🤖 AI Summary
Overreliance on large language models (LLMs) for pedagogical question generation in learning analytics suffers from inefficiency, opacity, and misalignment with instructional objectives.
Method: This paper proposes a two-stage “generate-verify” framework leveraging small language models (SLMs). In the first stage, an SLM generates diverse candidate questions; in the second, probabilistic verification and re-ranking—guided by structured reasoning—select questions exhibiting high answer definiteness and strong pedagogical alignment.
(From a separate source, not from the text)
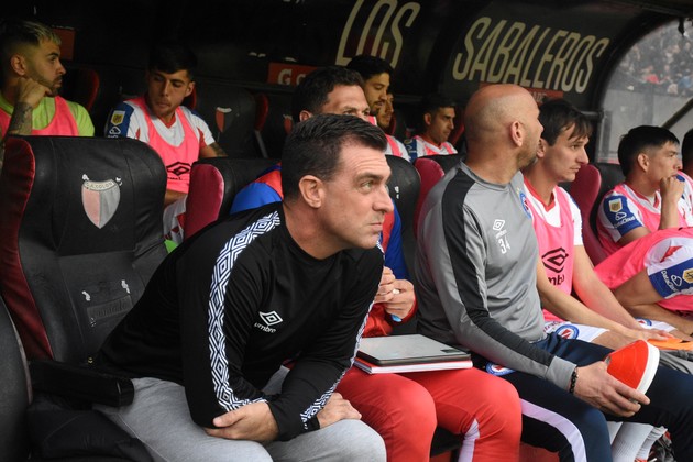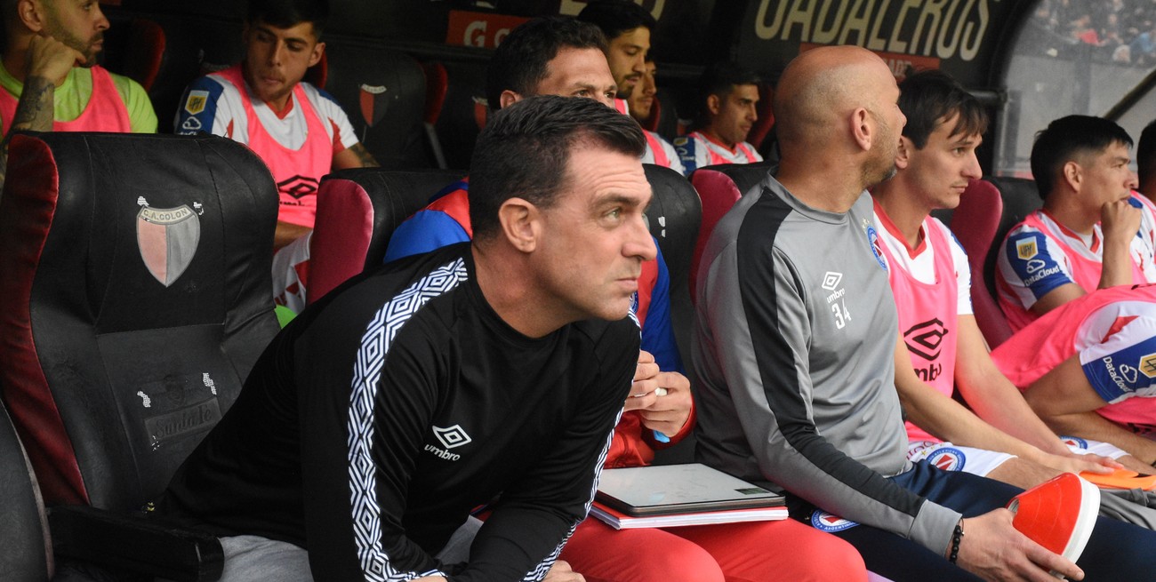 Con la soga al cuello. Pablo Guede, sentado en el banco de Argentinos Juniors el año pasado en la cancha de Colón. Las eliminaciones coperas (Sudamericana y Argentina) y la mala campaña en la Liga Profesional lo traen el lunes al borde del nocaut. Crédito: Pablo Aguirre

Contribution/Results: To our knowledge, this is the first work to deeply integrate SLM-based text generation with probabilistic inference for educational question generation, thereby extending SLMs’ capabilities in complex instructional tasks. Evaluated via dual human–machine assessment (seven domain experts + LLM-based evaluation), the method achieves LLM-level performance in answer clarity and learning objective consistency, demonstrating that lightweight models—when embedded in a carefully designed architecture—can deliver high-fidelity, educationally grounded question generation.
📝 Abstract
We explore the use of small language models (SLMs) for automatic question generation as a complement to the prevalent use of their large counterparts in learning analytics research. We present a novel question generation pipeline that leverages both the text generation and the probabilistic reasoning abilities of SLMs to generate high-quality questions. Adopting a "generate-then-validate" strategy, our pipeline first performs expansive generation to create an abundance of candidate questions and refine them through selective validation based on novel probabilistic reasoning. We conducted two evaluation studies, one with seven human experts and the other with a large language model (LLM), to assess the quality of the generated questions. Most judges (humans or LLMs) agreed that the generated questions had clear answers and generally aligned well with the intended learning objectives. Our findings suggest that an SLM can effectively generate high-quality questions when guided by a well-designed pipeline that leverages its strengths.